■ **The data**:
☆ ☆ ☆ ☆

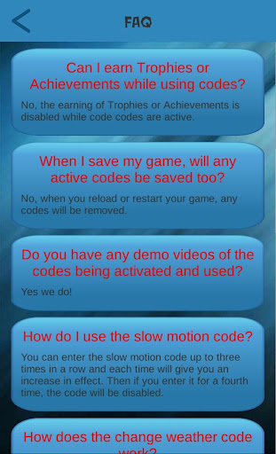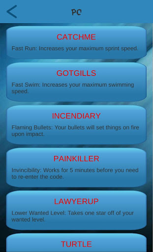 Les codes eux-mêmes sont divisés en cinq catégories différentes (effets du joueur, effets de combat, codes d'articles, effets mondiaux et en frappe des véhicules) et peut être activé en utilisant soit: la méthode combinée de bouton de contrôleur traditionnel (fonctionne sur toutes les versions de console); en entrant un code spécifique à l'aide de votre clavier; ou en composant certains nombres en utilisant le téléphone portable dans le jeu.
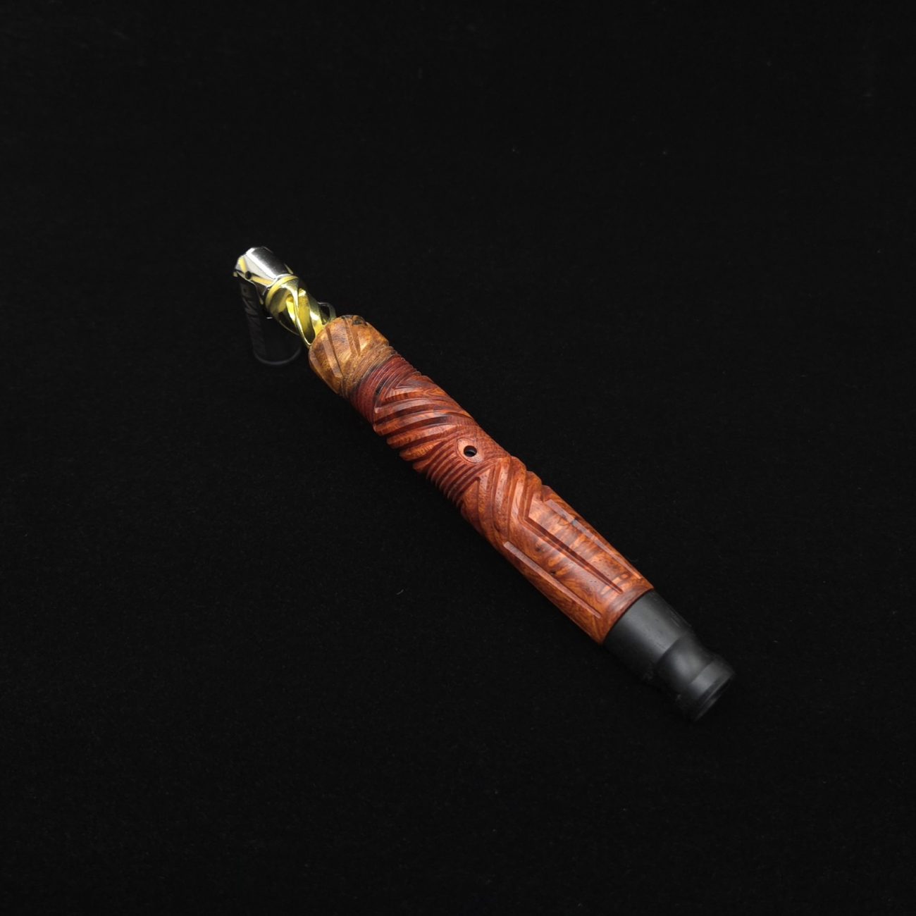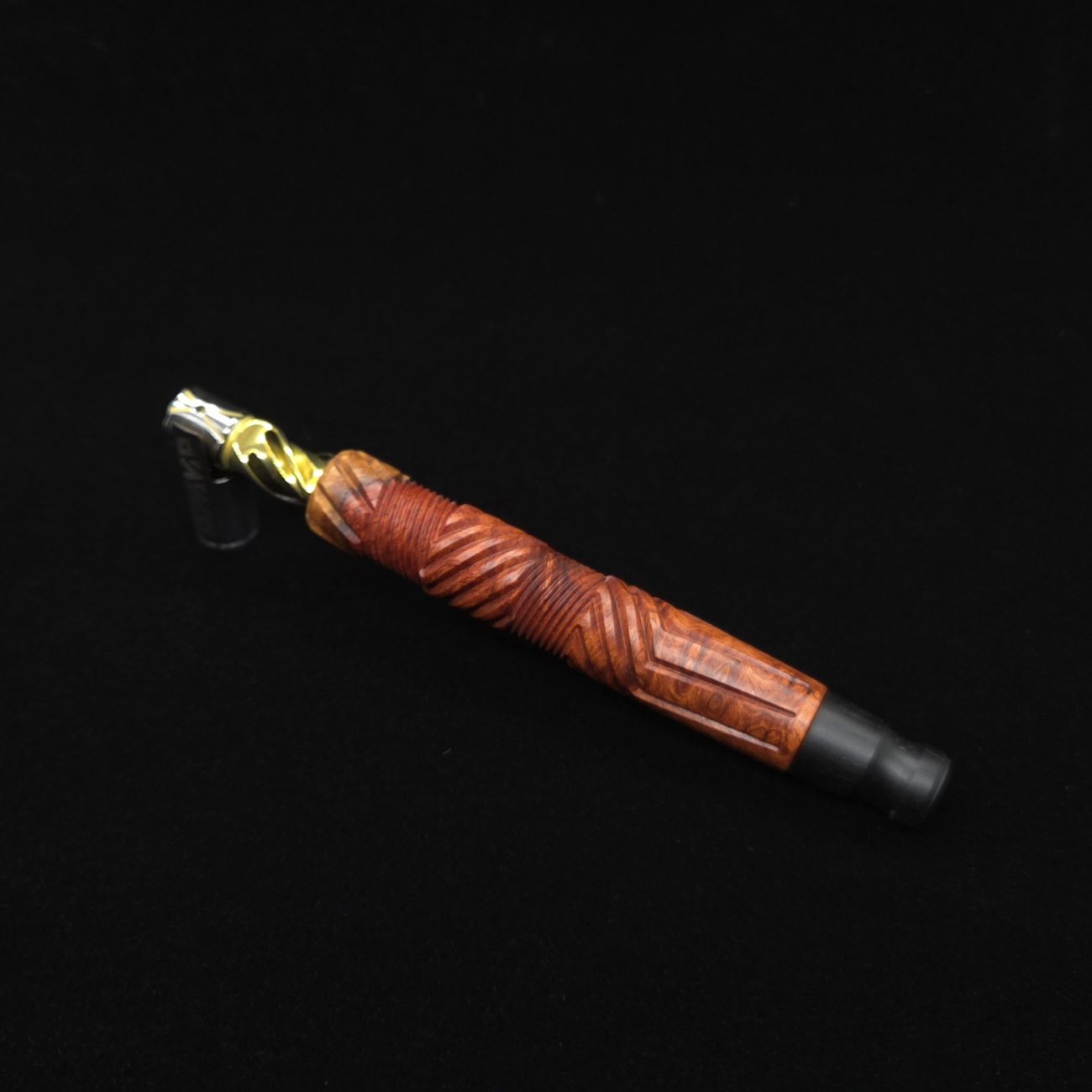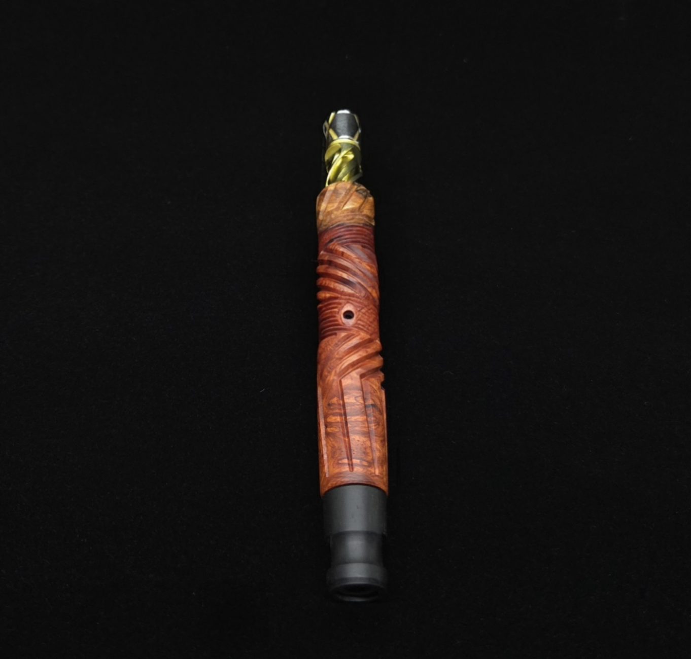 High quality amboyna burl wood XL length stem for Dynavap components. Along with a matched ebony dual sided design mouthpiece. This newest twisted stems series stem design is a personal favorite. It is another of our stem designs that has an amazing detailed complex cut that’s usually reserved for metal, but we’ve applied it to certain wood/resin stems that can hold such detailed cuts…and look great doing it. The design is essentially a set of spiraled lines that have been twisted and bent into sections that all use different angles while conforming to the desired layout where your finger rests perfectly over the centered air-port. The v-cut lines are a great tactile feature. The mouthpiece is a dual sided m.p. that has two flat sides and two rounded concave sides. All of our stems function with or without mouthpiece attached. Stem has been finished with a satin finish polishing and is all natural.
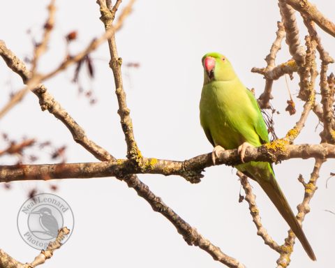 A vibrant Ring-necked Parakeet perched on a bare winter branch at Ladywalk, showing off its long tail and crisp green plumage.
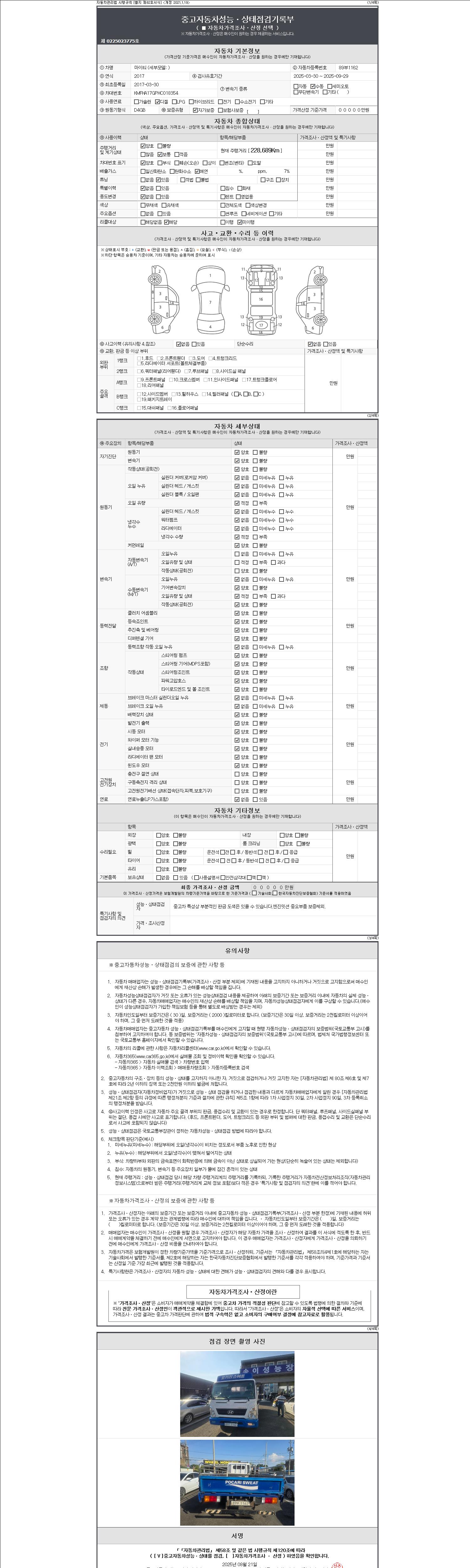 2. 차량 등록증이나 성능점검지 등을 상담자에게 요청및 확인하시고 사전에 미리 점검 하시기를 권유드립니다.
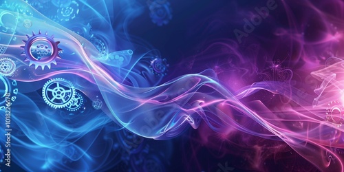 Abstract background with gears and deep blue and purple tones, smooth, bright hues, flowing lines, digital style, empty space.
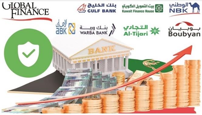 كشفت قائمة «جلوبال فاينانس» لأكثر 1000 بنك أمانا حول العالم عن تواجد 7 بنوك كويتية ضمن القائمة، وهي: بنك الكويت الوطني، وبنك بوبيان، وبيت التمويل الكويتي (بيتك)، والبنك الأهلي، وبنك الخليج، والبنك التجاري، وبنك وربة، وذلك بإجمالي أصول تبلغ 331 مليار دولار للبنوك الثمانية.
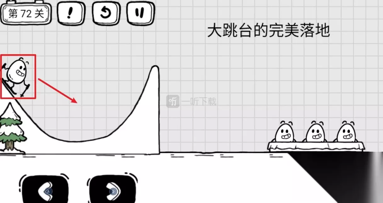 t15_2-t15_1:4.0 茶叶蛋大冒险第72关为大跳台的完美落地,这一关茶叶蛋在空中飞了很久后会摔在地上,并不是完美落地,怎么让茶叶蛋不摔到地上就是这关的关键了。 茶叶蛋大冒险第72关攻略 89.让茶叶蛋先滑起来,在茶叶蛋快要落地的时候,如图所示,将评委的台子向左移,移到合适位置,茶叶蛋就能完美的落在台子上。 89 89.1
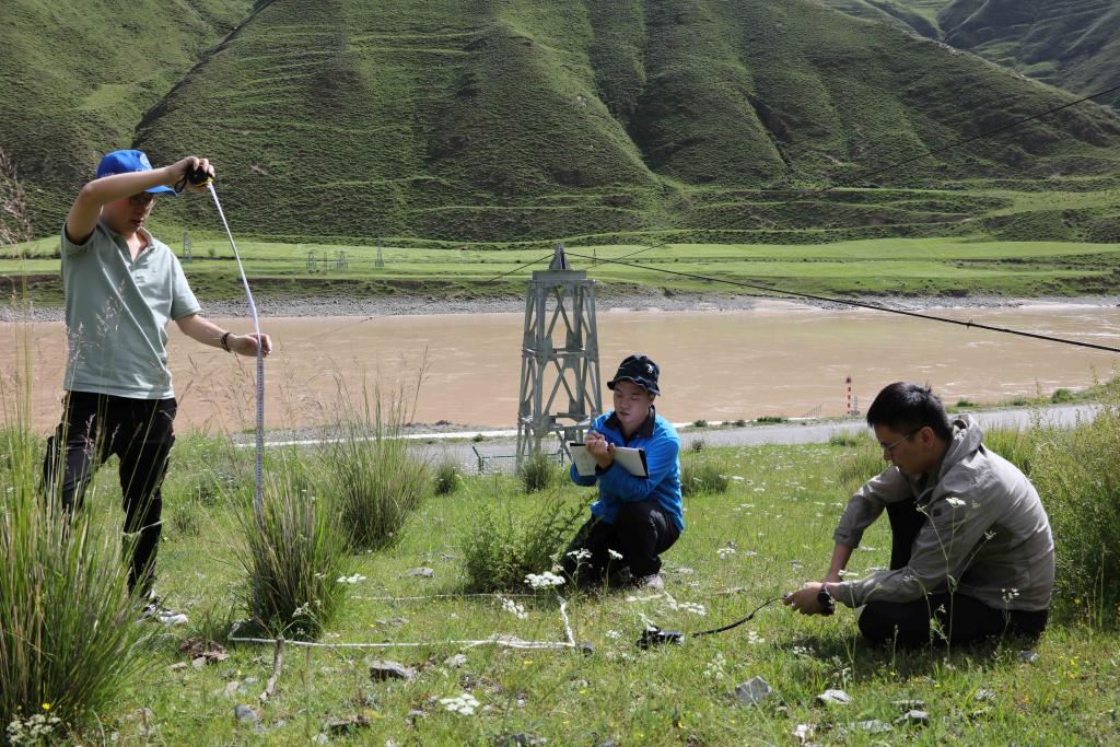 7月22日,長(zhǎng)江科學(xué)院水土保持研究所的科考隊(duì)員在通天河直門達(dá)河段進(jìn)行植被樣方調(diào)查。新華社記者 劉詩平 攝
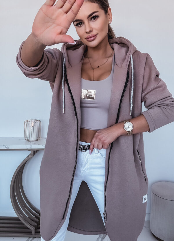 *Wzór: Bawełniana, długa bluza dresowa z kaputrem zapinana na suwak.

☆ ☆ ☆ ☆

■ **Task brief**: Using the data above, retype exactly and only the lines from the one containing "High quality amboyna" up to and including the one containing "Abstract background with", with no pictures carried over.

■ **Written answer**:
 High quality amboyna burl wood XL length stem for Dynavap components. Along with a matched ebony dual sided design mouthpiece. This newest twisted stems series stem design is a personal favorite. It is another of our stem designs that has an amazing detailed complex cut that’s usually reserved for metal, but we’ve applied it to certain wood/resin stems that can hold such detailed cuts…and look great doing it. The design is essentially a set of spiraled lines that have been twisted and bent into sections that all use different angles while conforming to the desired layout where your finger rests perfectly over the centered air-port. The v-cut lines are a great tactile feature. The mouthpiece is a dual sided m.p. that has two flat sides and two rounded concave sides. All of our stems function with or without mouthpiece attached. Stem has been finished with a satin finish polishing and is all natural.
 A vibrant Ring-necked Parakeet perched on a bare winter branch at Ladywalk, showing off its long tail and crisp green plumage.
 2. 차량 등록증이나 성능점검지 등을 상담자에게 요청및 확인하시고 사전에 미리 점검 하시기를 권유드립니다.
 Abstract background with gears and deep blue and purple tones, smooth, bright hues, flowing lines, digital style, empty space.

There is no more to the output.